Да и может ли быть по-другому, если все знают, что вместо того, чтобы учиться, студент-медик шесть лет гонял балду, а все экзамены и Диплом его папуля попросту купил любимому чаду за наличные! Как купили их и всем остальным студентам.

Но тут – всё-таки здоровье. Страшно! Недаром же есть старая поговорка: «Геноцид – это когда нарвежец лечит нарвежца!»

В частных клиниках сохранились знающие Специалисты… Один визит – его зарплата за полмесяца.

Проще оставаться здоровым.

Хотя после того, как почти все лекарства стал изготовлять Столичный фармацевтический Завод, они почему-то сразу перестали помогать… Завозные же тщательно подделывались. А чтоб достать оригинальные – платить приходилось втридорога.

Закон кризиса: когда врачи объявляют забастовку, народ сразу меньше мрёт! И не болеет. Вероятно, назло!

Засыпая, снова вспомнил о Рашиде.

Странно. В последнее время, особенно после похорон отца год назад, Рашид стал каким-то мрачным. Почернел. То есть, действительно – лицо не загорело, а именно – почернело. Видать, или дела шли погано, или…

Или что-то узнал такое, что заставило бросить всё, и подвергнуть Семью страшному риску нелегального Перехода. Поймают – конец. Бесследно сгинешь на одном из двух недавно вновь открытых урановых рудников.

А не поймают – придётся годы жить в ужасных «лагерях для беженцев». Да ещё могут и выдать обратно – если уж очень настойчиво будут требовать свои. (Ну, такое случалось только с совсем уж шустрыми и «крутыми» хапугами, или хитрецами, пытающимися уйти от наказания – как вон давешний Директор медеплавильного…)

Да, собственно, чего-то такого, неизменно плохого и разорительного для семьи, ждали здесь все. Указы и Поборы с населения всё множились, прикрываемые лозунгами и призывами «Сплотиться всем, поддержать Страну, и дать отпор мировому Терроризму!»

Леонид знал, что при Минфине есть целый Отдел, только и придумывающий, что новые варианты этих самых поборов.

И ещё какая-то мысль прошла мимо сознания Леонида, когда он почти провалился в пучину забытья… Она сверкнула, ослепительной догадкой осветив некие важные недавние события!

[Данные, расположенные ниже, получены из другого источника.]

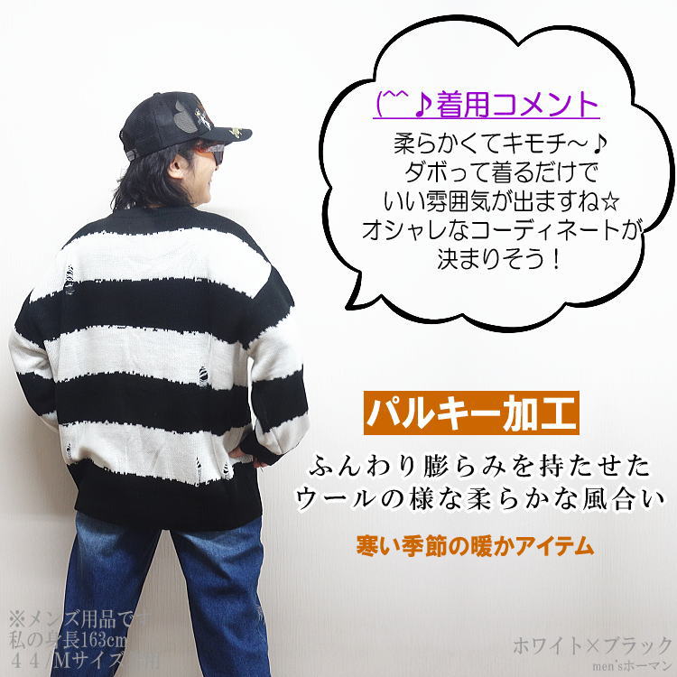 ボーダー柄のニットにスカルアップリケ刺繍の個性あふれるデザイン。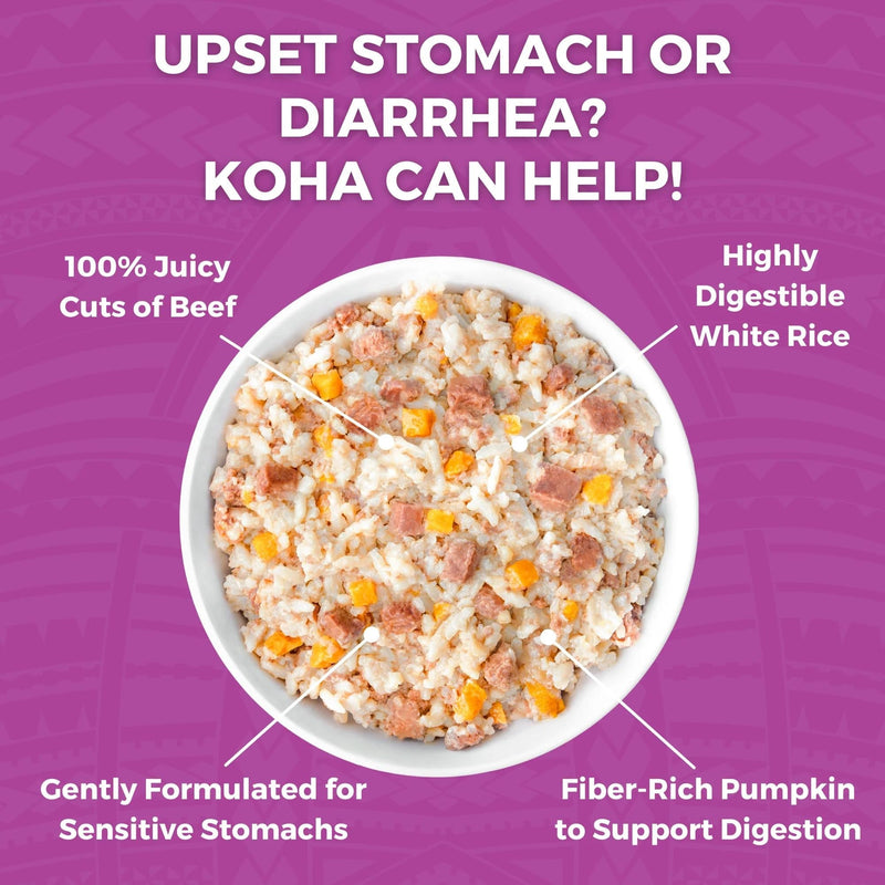 KOHA Bland Diet for dogs is ideal for dogs with upset stomach, loose stool, or diarrhea. This gently formulated limited ingredient dog food recipe has just one protein source for easy digestion. It also includes white rice and pumpkin to support healthy stools and regularity.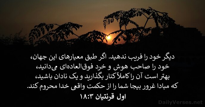 ديگر خود را فريب ندهيد. اگر طبق معيارهای اين جهان، خود را صاحب هوش و خرد فوقالعادهای میدانيد، بهتر است آن را كاملاً كنار بگذاريد و يک نادان باشيد، كه مبادا غرور بيجا شما را از حكمت واقعی خدا محروم كند.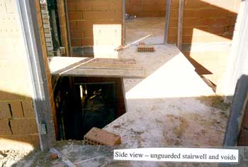 During an inspector's inspection of the site a number of hazards and breaches were identified such as: * unsafe access/egress to working platforms of scaffold and first floor slab areas, (the photograph is an example of this hazard). * Unguarded stairwells. * Debris scattered over the site, in access ways and on working platforms. * Scaffold planks spanning between units and erected on handrails of scaffold. * Missing edge protection on scaffold. * Missing scaffold planks/incomplete working platforms. * Drums used as scaffold. * Open edges from fixed platforms and stairways.
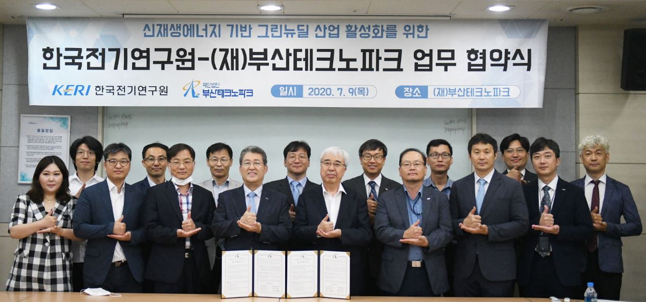 한국전기연구원이 부산테크노파크와 ‘신재생에너지 기반 그린 뉴딜산업 활성화‘를 위한 업무협약을 체결했다.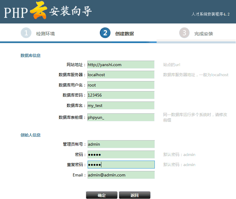 2、第一次访问PHPYun人才系统,会自动提示安装数据库到你的mysql中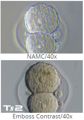 Emboss Contrast is a cost-effective optical technique which does not require costly optics, which provides pseudo-three dimensional and glare-free images for thick specimens such as iPS cells which would normally suffer from halos with conventional phase contrast methods.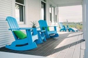 The Adirondack collection includes a 3 or 4 slat lounge chair and rocker, both available in 2 different back rest heights and with options of a flat or curved back. A matching ottoman and side table are also available.
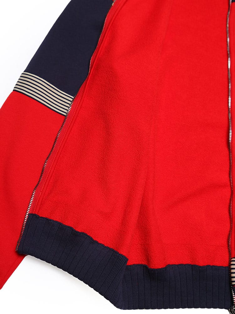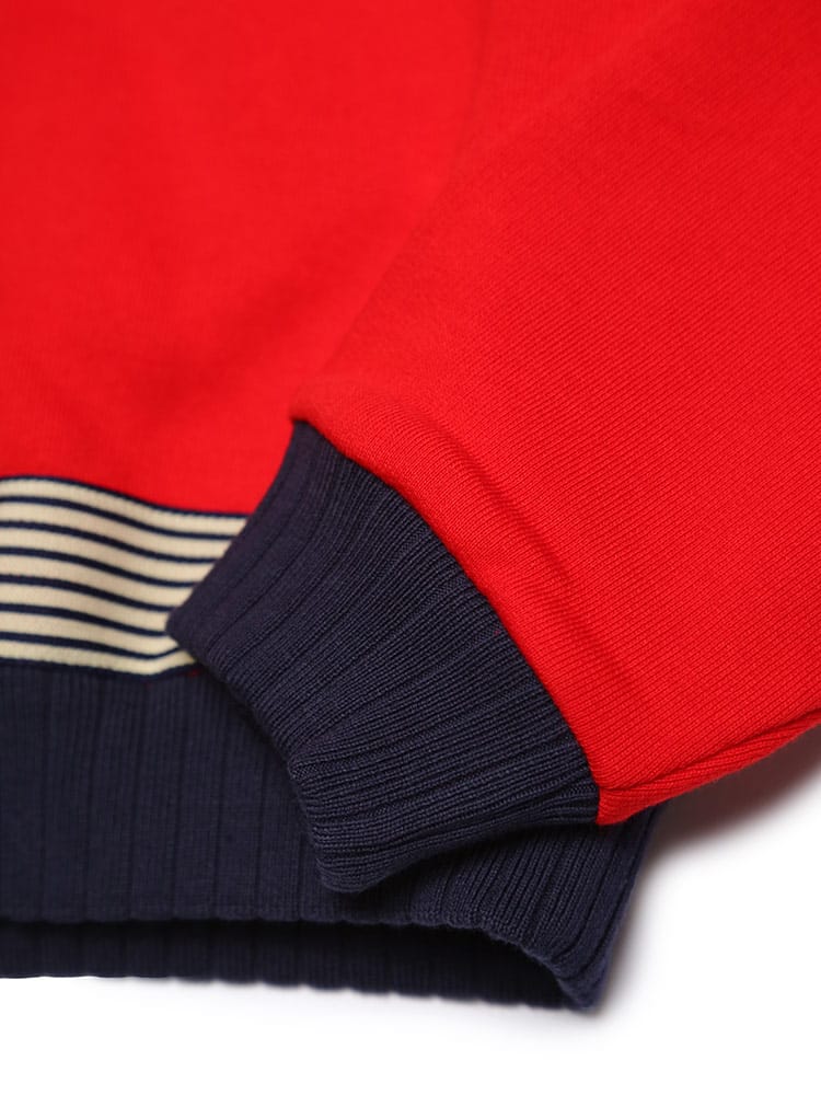 ブルーとレッドのフェルトコットンジャージーで仕立てた着心地抜群の一着。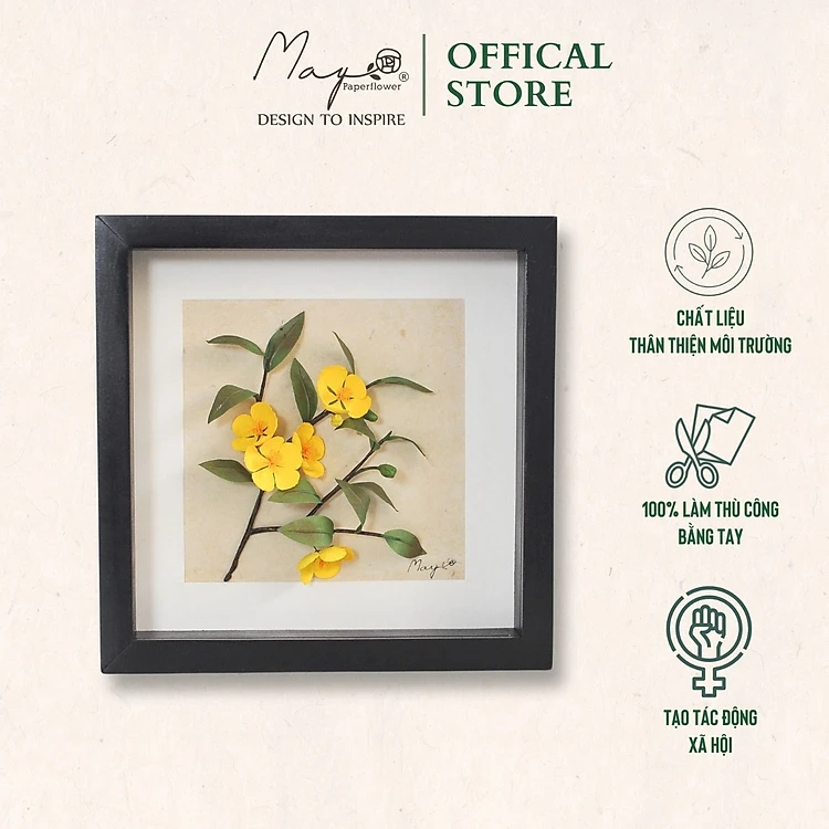 Tranh Hoa Giấy Handmade Trang Trí - Hoa Mai Kết Hợp Giấy Dó MAYPAPERFLOWER Khung Tranh Gỗ Size 25x25cm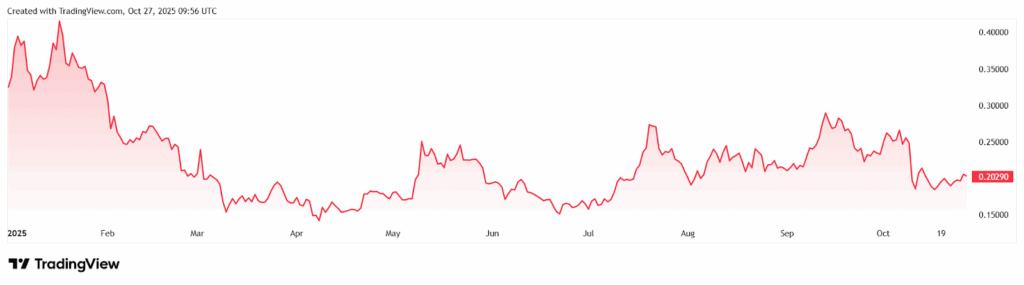Analysts identify major resistance near $0.21–$0.24 USD, with short-term support sitting around $0.17 USD. The token has struggled to push past these upper levels since early 2024, showing reduced momentum. Without new use cases or protocol upgrades, it’s becoming harder for Dogecoin to replicate its past explosive runs.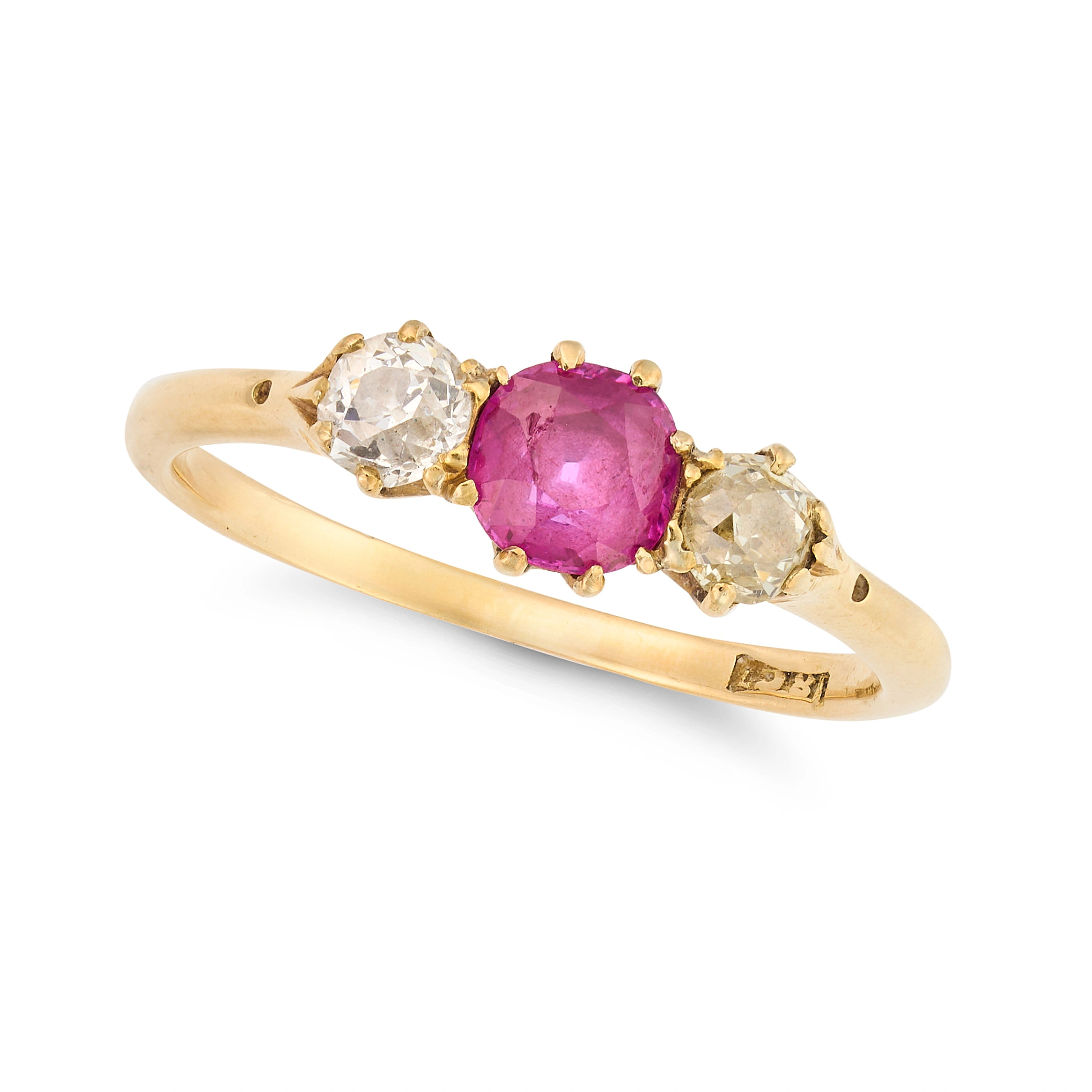 NO RESERVE - AN ANTIQUE RUBY AND DIAMOND THREE STO ...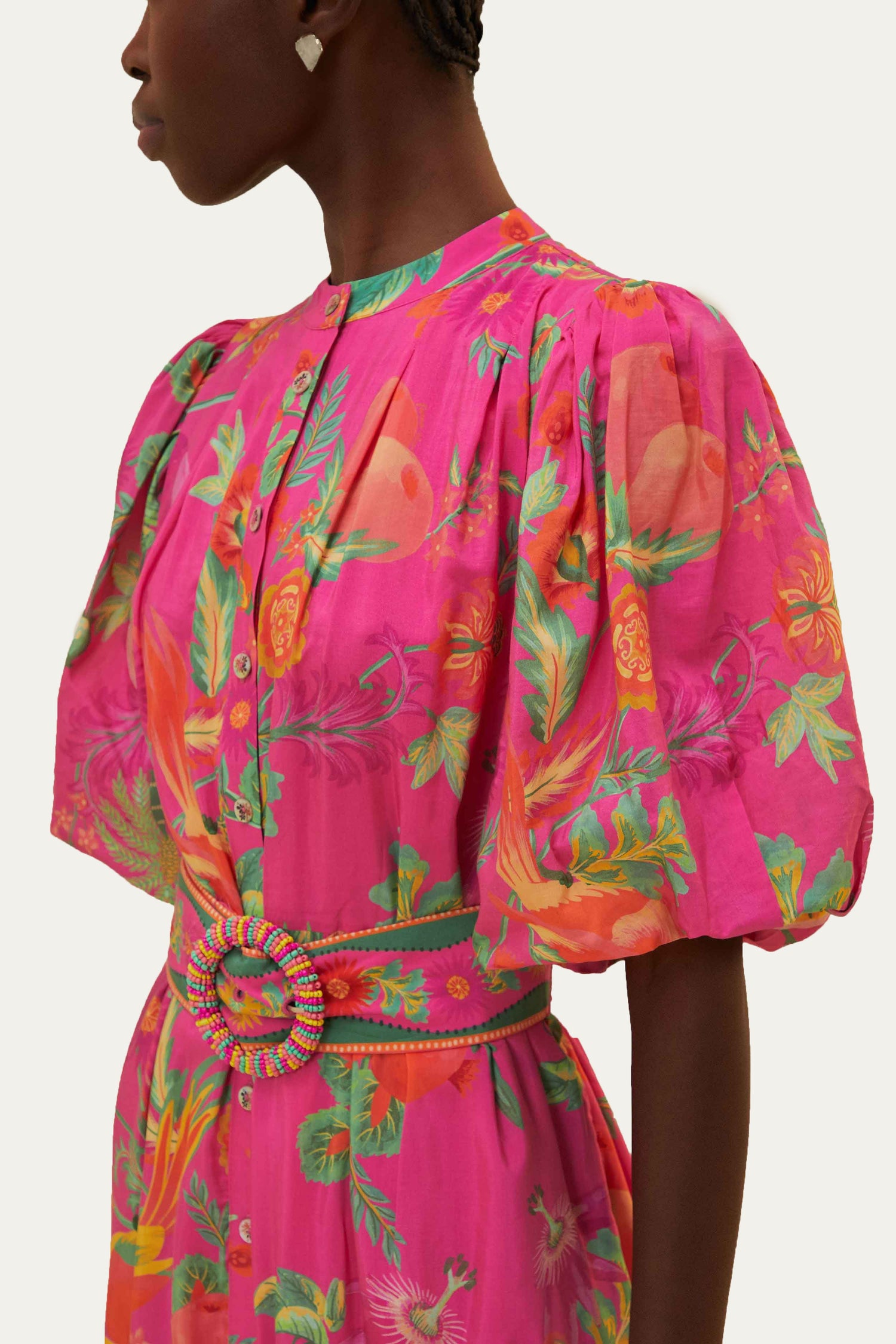 Embrace the vibrant essence of summer with the Pink Delicate Fruit Garden Mini Dress by FARM Rio. This enchanting piece features a round neckline and is adorned with an exuberant fruit and floral pattern set against a vivid pink backdrop. The playful puff sleeves and flirty ruffled hem lend a dash of whimsy, while the cinched waist, accented with a unique, colorful beaded belt, creates a flattering silhouette. Its joyful design ensures you'll stand out in any sun-kissed setting.

Но какие – он уже не увидел. Поскольку отключился.

 

Суббота. Можно бы поспать подольше – но не-е-ет! Будильник вынудил встать через какой-то час сна. Пришлось подняться, одеться и побриться особенно тщательно.

Леониду предстояло очередное, неизбежное, как Страшный Суд, лицемерие: Утренний Плов.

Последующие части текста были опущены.